> _Dataset extract_
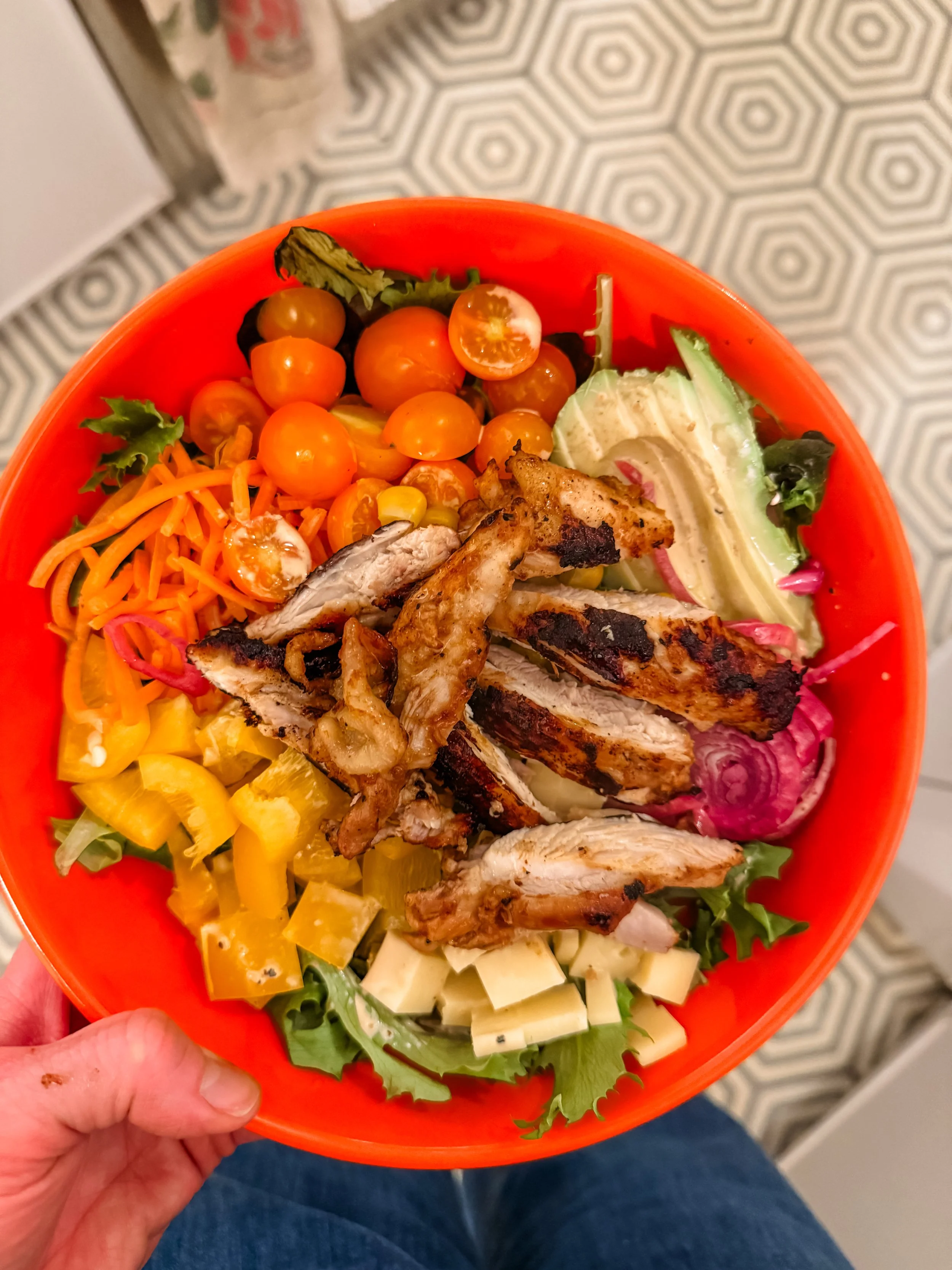 toss the salad with the dressing and once the chicken has cooled for a few minutes slice it up and top your salad with it
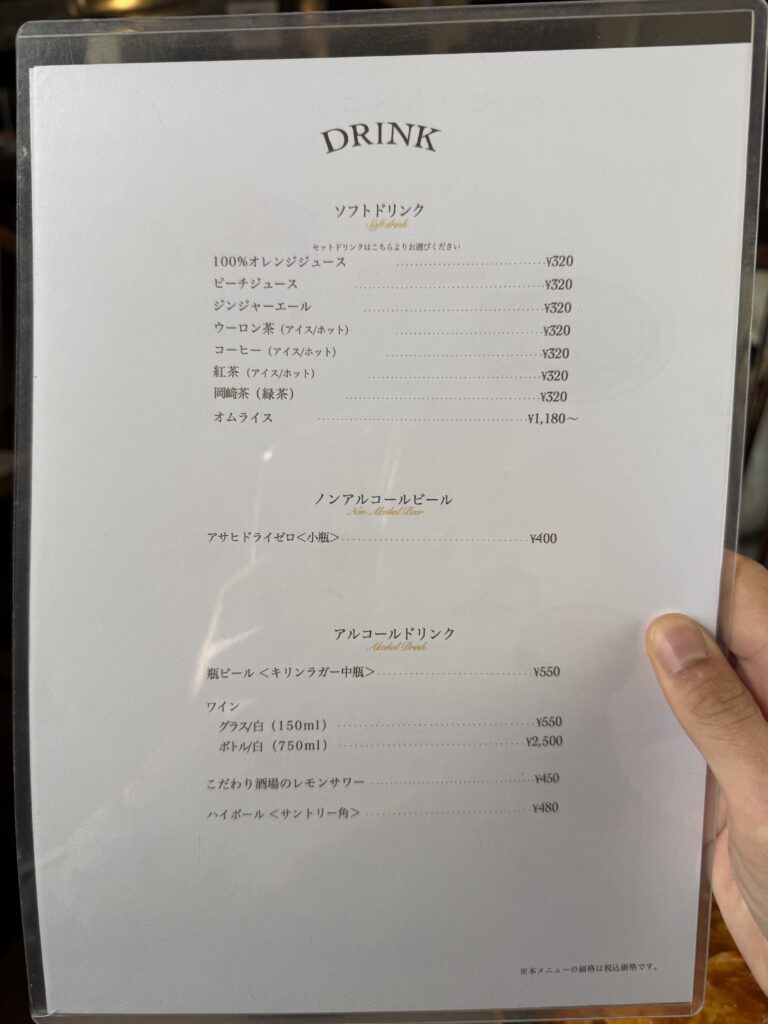 ドリンクメニューはこちらになります。
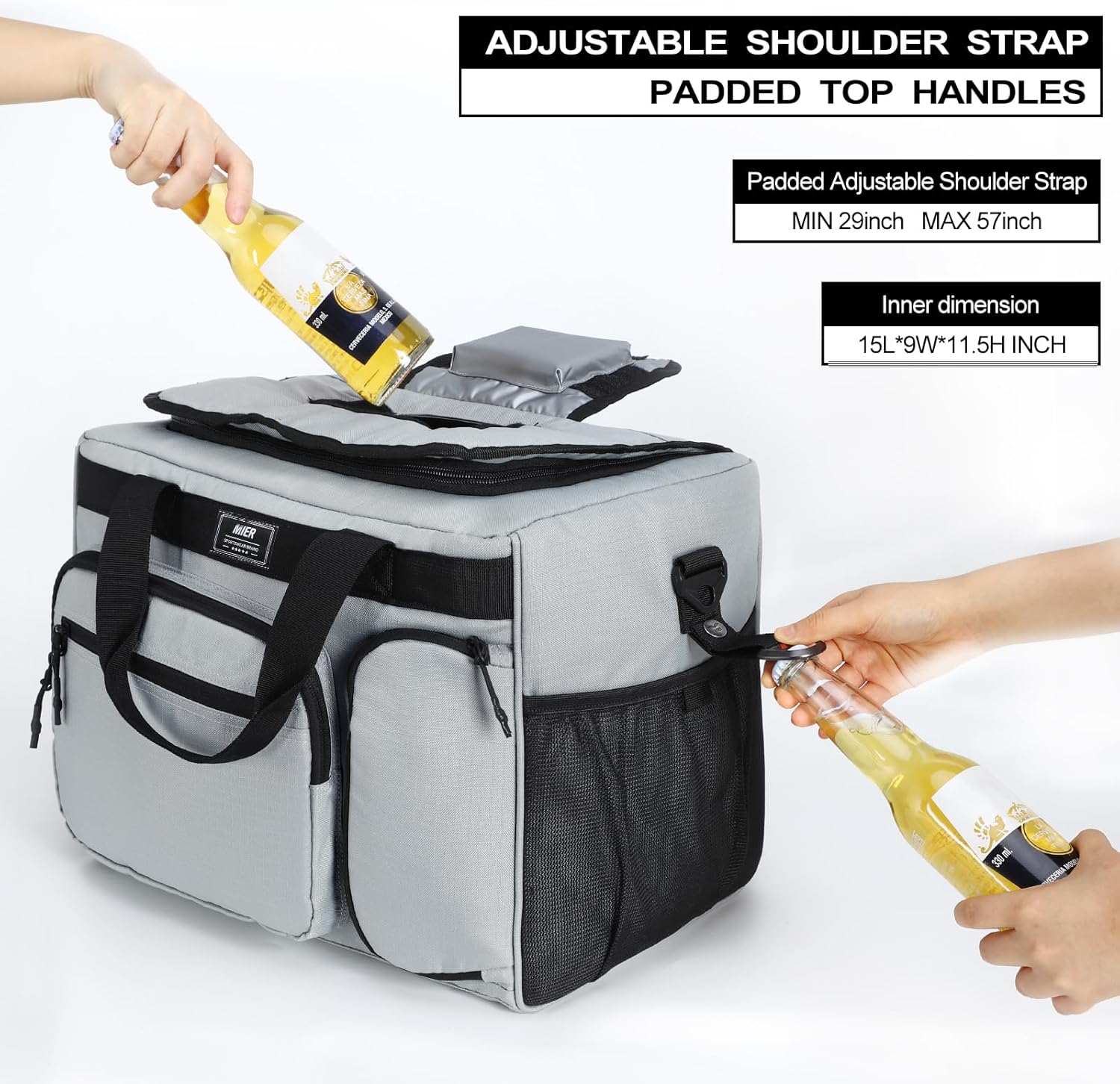 MIER 30L Extra Large Soft Cooler Bag with Bottle Opener for Camping Beach BBQ Grocery Golf Leakproof Picnic Lunch Bag, Collapsible, Top Flip Lid, 45Can (Grey)

> _Prompt_
Exact lines, nothing more: output the one with "ドリンクメニューはこちらになります。" and every later line through the end of the data, skipping pictures.

> _Exercise solution_
 ドリンクメニューはこちらになります。
 MIER 30L Extra Large Soft Cooler Bag with Bottle Opener for Camping Beach BBQ Grocery Golf Leakproof Picnic Lunch Bag, Collapsible, Top Flip Lid, 45Can (Grey)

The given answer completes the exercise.